--- START ---

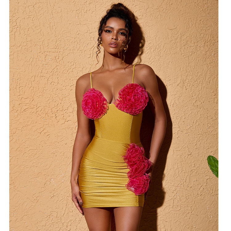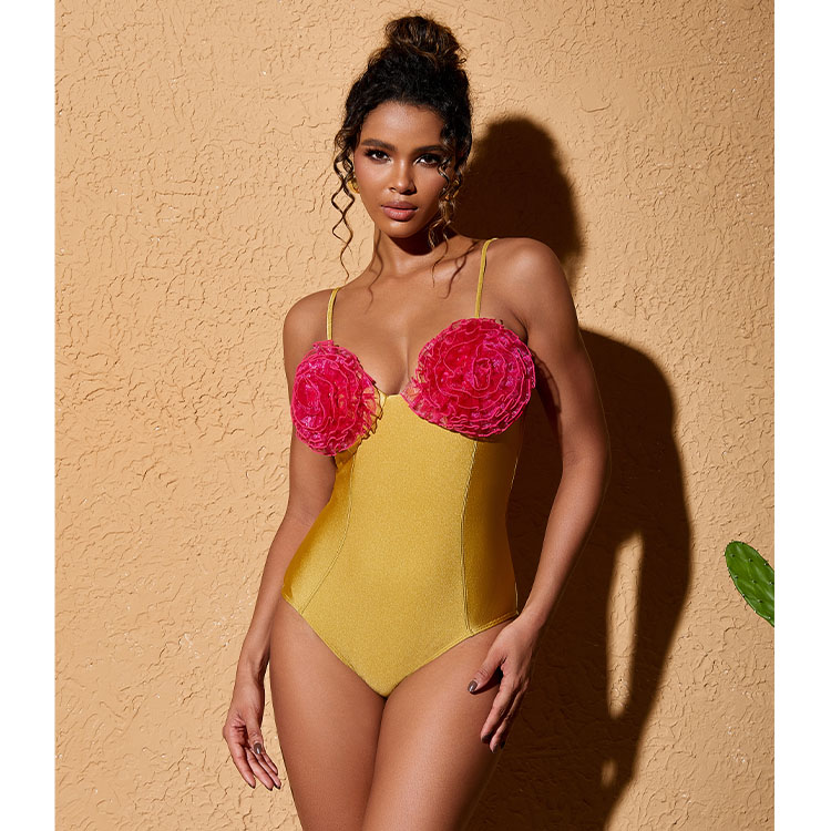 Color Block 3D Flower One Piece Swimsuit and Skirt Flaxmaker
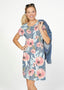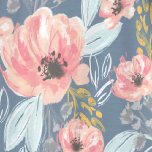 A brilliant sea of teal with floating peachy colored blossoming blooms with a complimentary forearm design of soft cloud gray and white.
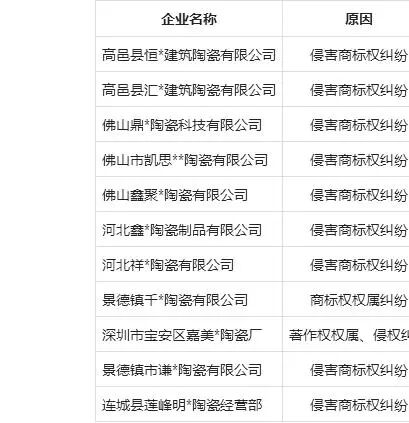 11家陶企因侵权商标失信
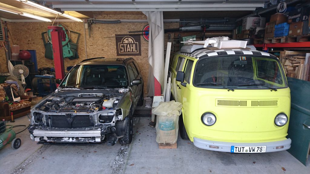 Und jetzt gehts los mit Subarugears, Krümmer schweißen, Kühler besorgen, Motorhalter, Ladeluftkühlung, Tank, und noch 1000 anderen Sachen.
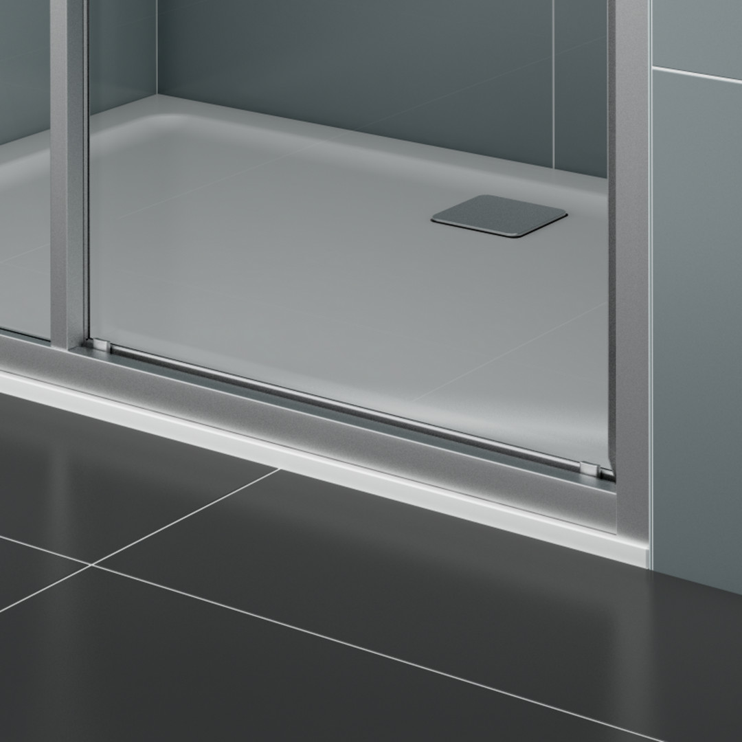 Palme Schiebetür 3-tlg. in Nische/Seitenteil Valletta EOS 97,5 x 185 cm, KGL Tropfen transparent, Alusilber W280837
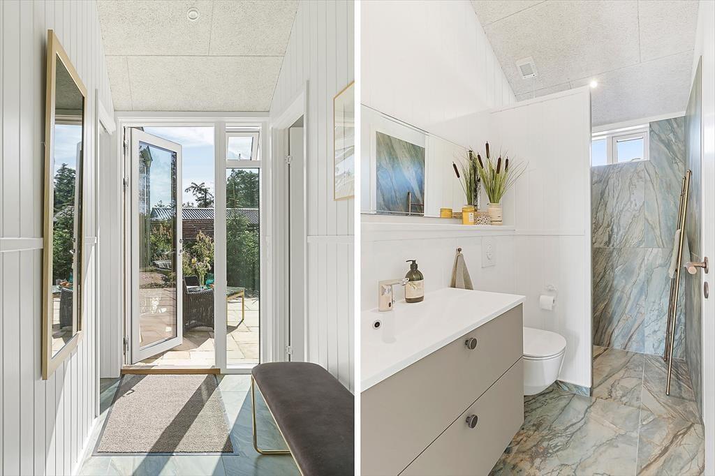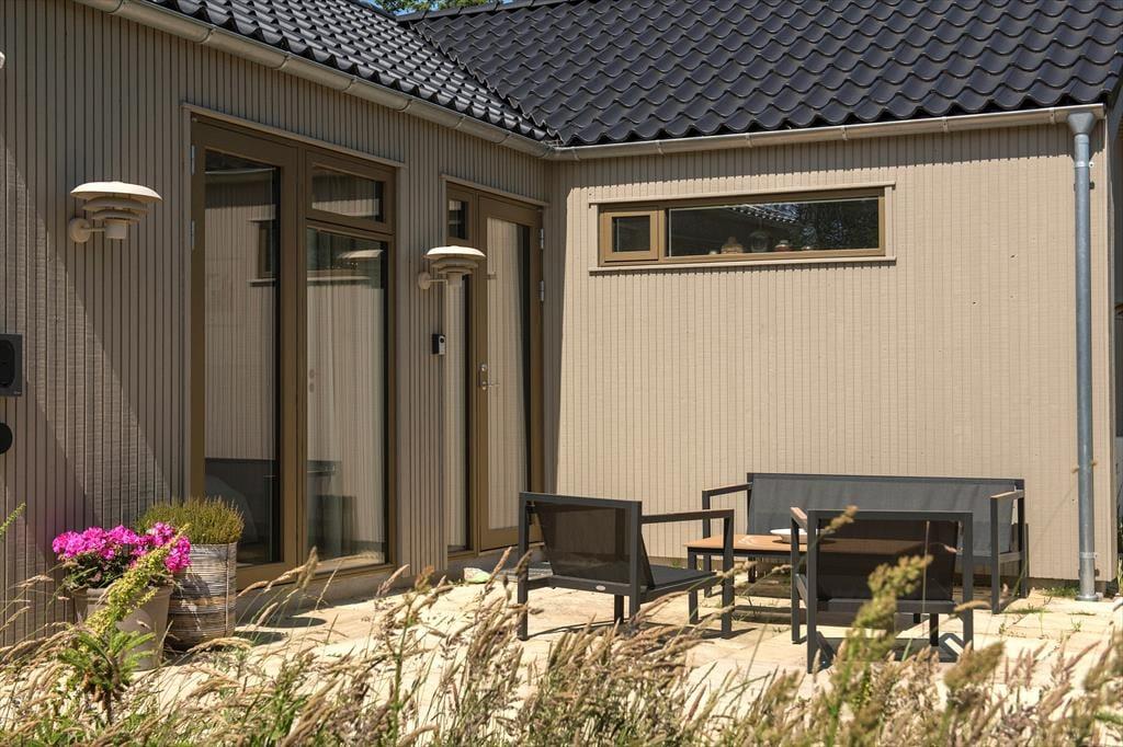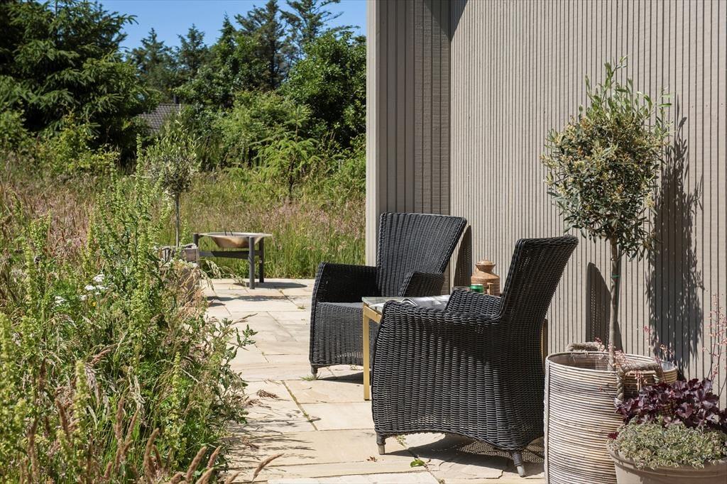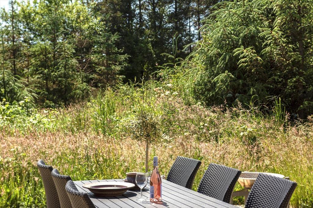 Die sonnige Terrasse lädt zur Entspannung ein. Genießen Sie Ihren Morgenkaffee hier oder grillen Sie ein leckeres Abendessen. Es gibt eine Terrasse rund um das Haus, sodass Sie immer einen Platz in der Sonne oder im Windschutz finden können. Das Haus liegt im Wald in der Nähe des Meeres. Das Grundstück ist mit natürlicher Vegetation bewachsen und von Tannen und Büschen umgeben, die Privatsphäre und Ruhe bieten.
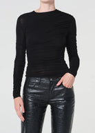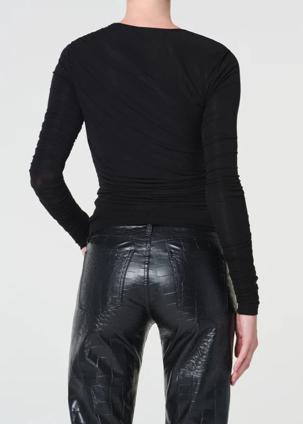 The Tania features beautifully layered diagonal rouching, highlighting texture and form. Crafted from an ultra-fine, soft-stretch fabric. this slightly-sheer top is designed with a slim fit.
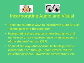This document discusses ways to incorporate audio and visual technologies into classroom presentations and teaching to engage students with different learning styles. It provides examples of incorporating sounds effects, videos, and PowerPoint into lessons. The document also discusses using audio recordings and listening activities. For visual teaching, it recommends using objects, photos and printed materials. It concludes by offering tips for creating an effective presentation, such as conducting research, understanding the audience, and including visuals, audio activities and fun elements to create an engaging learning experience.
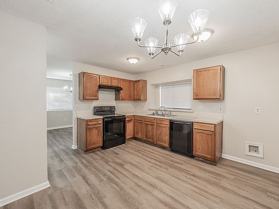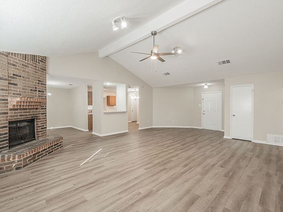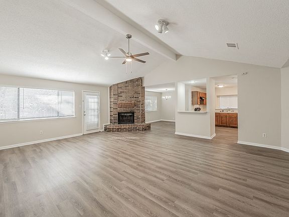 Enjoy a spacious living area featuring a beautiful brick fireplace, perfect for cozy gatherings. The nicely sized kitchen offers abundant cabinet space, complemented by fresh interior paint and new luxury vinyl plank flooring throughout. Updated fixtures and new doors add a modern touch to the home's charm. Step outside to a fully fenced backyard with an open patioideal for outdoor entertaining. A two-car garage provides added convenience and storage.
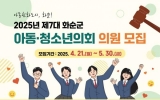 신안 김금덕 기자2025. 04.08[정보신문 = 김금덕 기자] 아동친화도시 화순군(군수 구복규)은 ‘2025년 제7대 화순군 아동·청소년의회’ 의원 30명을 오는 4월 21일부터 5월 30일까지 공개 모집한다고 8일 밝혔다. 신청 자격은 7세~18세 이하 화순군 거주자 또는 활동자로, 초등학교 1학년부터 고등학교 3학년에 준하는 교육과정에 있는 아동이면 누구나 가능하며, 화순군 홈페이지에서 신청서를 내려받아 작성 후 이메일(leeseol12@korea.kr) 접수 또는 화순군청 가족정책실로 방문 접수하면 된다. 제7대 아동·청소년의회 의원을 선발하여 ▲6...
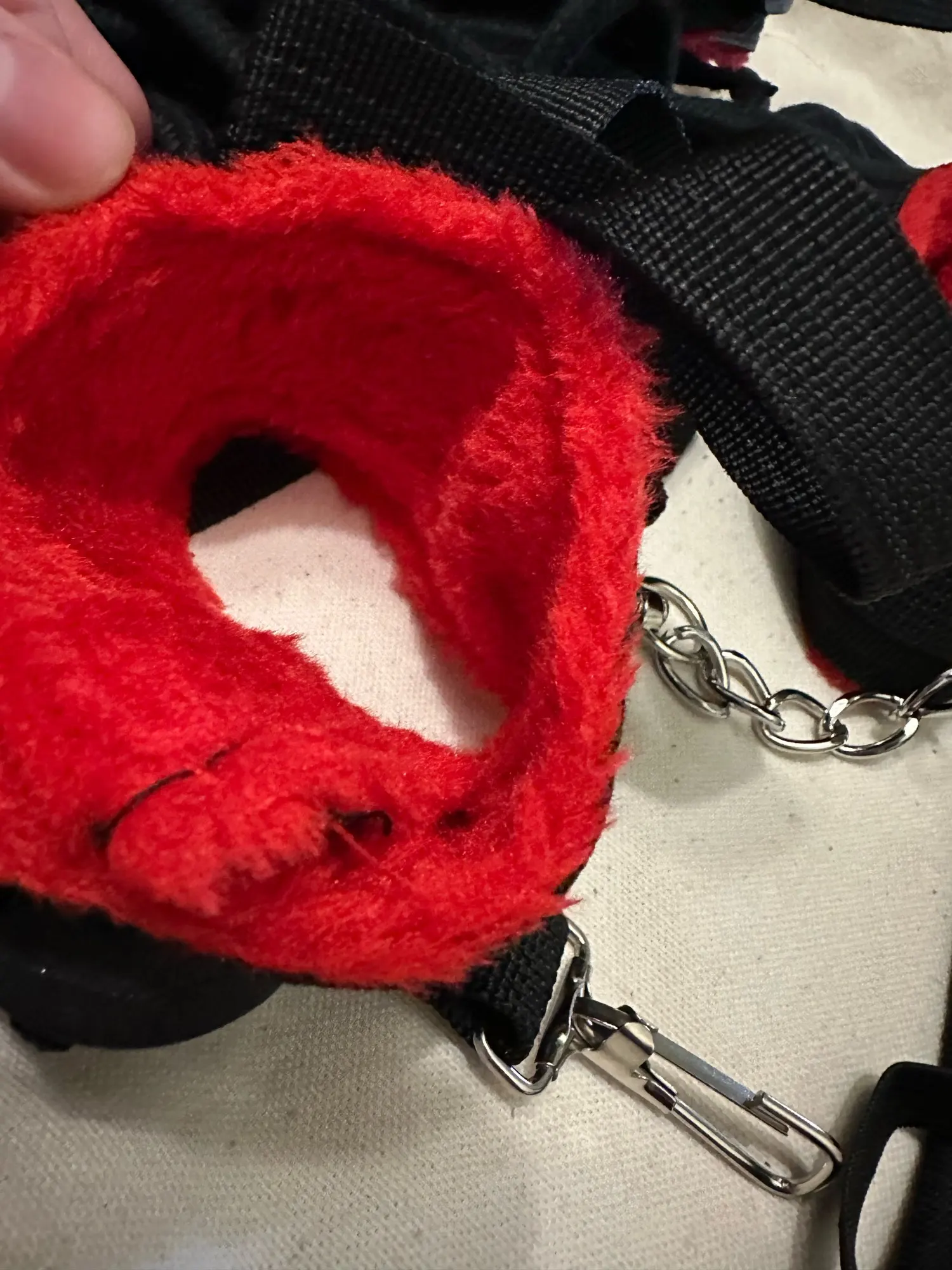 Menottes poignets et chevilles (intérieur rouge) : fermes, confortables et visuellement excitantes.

--- END ---

**YOUR OBJECTIVE:** Exactly as written, restate the lines above from the opening line through the one holding "Palme Schiebetür 3-tlg.", omitting the pictures.

**RESULT:**
 Color Block 3D Flower One Piece Swimsuit and Skirt Flaxmaker
 A brilliant sea of teal with floating peachy colored blossoming blooms with a complimentary forearm design of soft cloud gray and white.
 11家陶企因侵权商标失信
 Und jetzt gehts los mit Subarugears, Krümmer schweißen, Kühler besorgen, Motorhalter, Ladeluftkühlung, Tank, und noch 1000 anderen Sachen.
 Palme Schiebetür 3-tlg. in Nische/Seitenteil Valletta EOS 97,5 x 185 cm, KGL Tropfen transparent, Alusilber W280837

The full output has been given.